Hi all,
I guess this post is 50% question and 50% sharing of information.
I was just casually writing down some failure scenarios for VSAN, and the next thing I know, it became this monster table.
What I'm still unclear about, is the usefulness of Datastore Heartbeating (DH for short) in a VSAN enviornment. (Through FC, iSCSI or NFS datastores in addition to the VSAN datastore).
Sure, I get that it is not required and is not usually implemented in a VSAN cluster, but in all the outcomes in which DH is present, it seems to do more bad than good. (Outcomes A1,B1,C1 and D1 below)
If anyone has more information on the benefits of DH in a VSAN cluster, please let us know.
I'm specifically referring to this line from the VMware® vSAN™ Design and Sizing Guide (last checked on Mar/2018):
"Heartbeat datastores are not necessary for a vSAN cluster, but like in a non-vSAN cluster, if available, they can provide additional benefits. VMware recommends provisioning Heartbeat datastores when the benefits they provide are sufficient to warrant any additional provisioning costs."
... is pretty vague. I hope they would clarify the "additional benefits" in a future update.
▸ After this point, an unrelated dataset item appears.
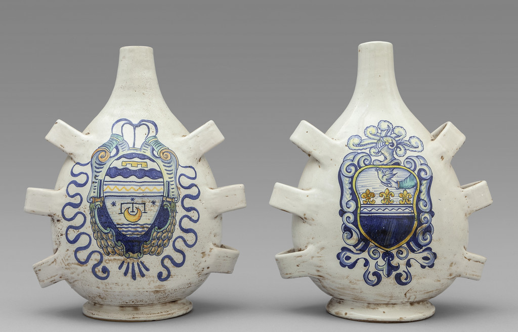 Coppia di fiasche in ceramica bianca decorate con stemmi in policromia, Deruta sec.XX

Before you read any further, please be aware that:
Let's assume that we have a 6 host VSAN cluster. (again, for this topic it doesn't matter if it is a local 6 host VSAN cluster or a 3+3+1witness Stretched Cluster. The site failure scenarios for a Stretched Cluster is a whole other topic.).
Visually, we have: H-H-H-H-H-H
Outcome | Scenario: Network partition, E.g.: H-H-H---x----H-H-H, where the hosts are now split in to two groups. Note: Everything below are from the perspective of a specific VM and the host it is currently running on. For simplicity, let's say the VM only has a single VMDK. |
---|---|
A. | FTT=1(or above), you can end up with either A1 or A2 below. |
A1. | The network partition where the VM is running does not have quorum for the VM's VMDK data-components. |
| |
A2. | The network partition where the VM is running has quorum for the VM's VMDK data-components. |
| |
B. | FTT=0, you can end up with either B1 or B2 below. |
B1. | The network partition where the VM is running does not have the VM's VMDK data-component. |
| |
B2. | The network partition where the VM is running has the VM's VMDK data-component. |
|
Outcome | Scenario: Host Isolation, E.g.: H---x----H-H-H-H-H, where a single host is network isolated from the other hosts. |
---|---|
C. | FTT=1(or above), you can only end up with C1 below. |
C1. | An isolated host would not have component-quorum for any VMDK (reminder: FTT is 1 or above, so each VMDK would have more than one component): |
| |
D. | FTT=0, you can end up with either D1 or D2 below. |
D1. | If a VM's data-components are not located on the isolated host but the VM is running on the host: |
| |
D2. | If a VM's data-components are located on the isolated host and the VM is running on the same host: |
|
Outcome | Scenario: The entire network is down, where all hosts are network isolated from each other. |
---|---|
E. | FTT=1(or above), you can only end up with E1 below. |
E1. | An isolated host would not have component-quorum for any VMDK (reminder: FTT is 1 or above, so each VMDK would have more than one component): |
| |
F. | FTT=0 |
F1. | Same as D1, except there will be no HA Master to restart any VMs on any host. |
F2. | Same as D2. |
First of all, you have perception about what is good and what is bad. What may sound like a bad situation to you, may not be bad for me? Lets look at the scenarios:
You need to ask yourself first: how is the network connected? And what are the chances that a user can still connect to the VMs running in the partition which has the components go inaccessible? Why is this important? Well as the VMs may be restarted in the other location when you do not have a heartbeat datastore, this could easily lead to a situation where a client is connected to a server, writing data, but that server may never be able to write the data to disk. Very undesirable situation. I don't know if you tested these scenarios, but I ran through many of these in the past, and Windows could easily sit 5-10 minutes without being able to write to disk before blue screening. And depending on how it fails, the network will also be experiencing some very strange issues with duplicate mac addresses and duplicate ip's. It will not be pretty, hence to prevent this the heartbeat datastore is very valuable!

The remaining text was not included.